Calvin contra Caterpillars
"Many things which are now seen in the world are rather
corruptions of it than any part of its proper furniture. For ever since man
declined from his high original, it became necessary that the world should
gradually degenerate from its nature." So wrote Calvin in his commentary on
Genesis 2, with reference to the contrast between the world as it was
originally created and the world as it became in consequence of man's rebellion
against his Creator.
Rather curiously, Calvin seems to suggest, immediately on
the heels of this comment, that certain features of post-fall reality are not
so much corruptions of some original
good, but post-Fall creatures per se.
Calvin suggests, in other words, that certain entities originated after the
fall to serve the solitary end of aggravating man for his sinful rebellion. "Truly
these things were made by God, but by God as an avenger." Included in this
category are "fleas, caterpillars, and other noxious insects." Calvin doesn't
really develop the point, but perhaps his inclination to view certain creatures
as purely post-fall divine productions stemmed from uncertainty on his part about
what positive role such pests might
have performed in the pre-fallen, perfect world of Eden.
I'm always reluctant to disagree with Calvin, but I do
question how theologically responsible it is to give evil the power, as it
were, to introduce new animal species into the world. More pressing, however,
is the question of why Calvin would have included "caterpillars" in the dubious
category of "noxious" creatures of a post-fall origin serving the solitary
purpose of inflicting misery on man for his defection. Caterpillars? Really? Granted
that caterpillars can inflict some agricultural damage (or so Wikipedia tells
me), surely they have enough redeeming features to merit their inclusion in
that original creation which received God's stamp of approval as "very good"
(Gen. 1.31). Caterpillars -- or at least certain kinds of caterpillars -- give us
silk, right? Silk is good. And, regardless of their productivity, they're so
clearly fantastic in the truest sense
of the word. Five pair of legs. Three pair of eyes. A variety of rather
marvelous color schemes and appearances. And, best of all, they tuck themselves
away into mid-life cocoons and become moths or butterflies. I have trouble
imagining an Eden without creatures
as cool as that.
So why Calvin's distaste for caterpillars -- to the point of
relegating them to post-creation creaturely status? Several possibilities
present themselves. One is that Calvin really was the hater of beauty he's so often
depicted as. Perhaps his cold, calculating heart -- a heart two sizes too small, by
all spurious accounts -- simply had no room in it for creatures as magical as
caterpillars/butterflies. The problem with this theory is that Calvin, in his
writings, expressed considerable appreciation for beauty -- both as discovered in
the natural world and as produced by human art -- and the pleasure which beauty
properly affords human beings.
Maybe Calvin's sentiment towards caterpillars is a
reflection of some disturbing childhood or adolescent event that he endured. An
image of Calvin as an awkward fifteen year old student at the Collège de Montaigu springs to mind, the
future Reformer lying with arms pinned to the ground while senior students take
turns placing caterpillars on his pimple-covered face, in his ears, up his nose, etc. Surely
there's fertile ground for the psycho-historians here.

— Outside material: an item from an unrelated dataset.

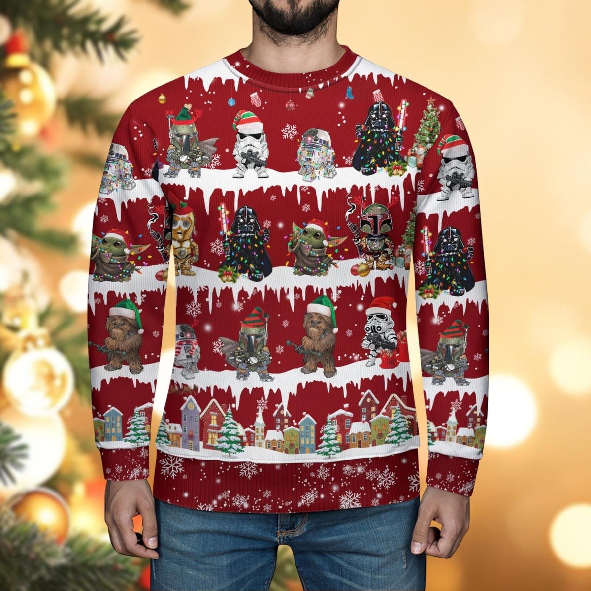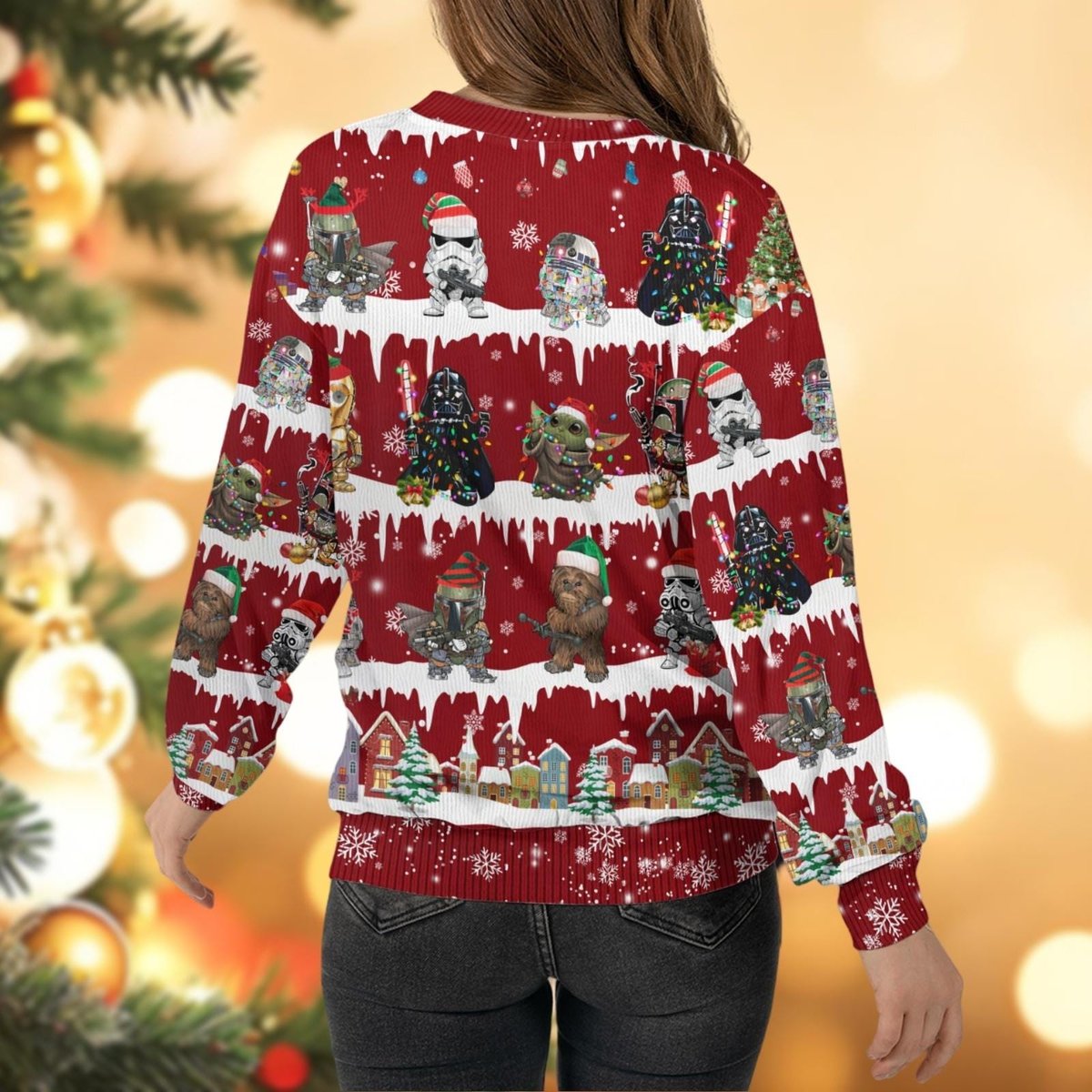 Funny Galactic Character Ugly Christmas Sweater Red Holiday Gift Pullover

Or maybe Calvin's point was a more subtle, theological one.
Maybe he protested the presence of caterpillars pre-Fall because he recognized
the transformation of a caterpillar into a butterfly as a naturally occurring type
of human death and resurrection/glorification. Maybe Calvin's real objection, then,
was to the existence of prophetic pictures of death and resurrection prior to
the Fall, that event which introduced death as such into human experience. Why
speak prophetically, even in typological form, about death's ultimate defeat in
resurrection before death itself, the fruit of sin, exists?
Or maybe Calvin never actually said a negative word about
caterpillars at all.
Rather anticlimactically, this last option turns out to be the
most likely. The Latin term translated as 'caterpillar' in Calvin's commentary
is actually bruchus, which in early
modern times indicated a kind of wingless locust -- something which today might be
classified as a weevil or beetle. The Reformer, it turns out, never spoke
critically or spitefully -- at least to our knowledge -- about actual campae (caterpillars).
I'm still not convinced that any species of creature --
wingless locust, weevil, beetle, or otherwise -- came into existence subsequent
to creation per se, but I am considerably relieved to know that Calvin didn't
despise caterpillars. Calvin has always struck me as the kind of man that, upon
seeing a caterpillar or its butter-flying counterpart, would have paused to appreciate
the same, and to have praised God for his profound wisdom and creativity in
conceiving such a creature. I'm happy for that image of Calvin to prevail, at
least in my own mind.
Aaron Clay Denlinger is professor of church history and historical theology at Reformation Bible College in Sanford, Florida.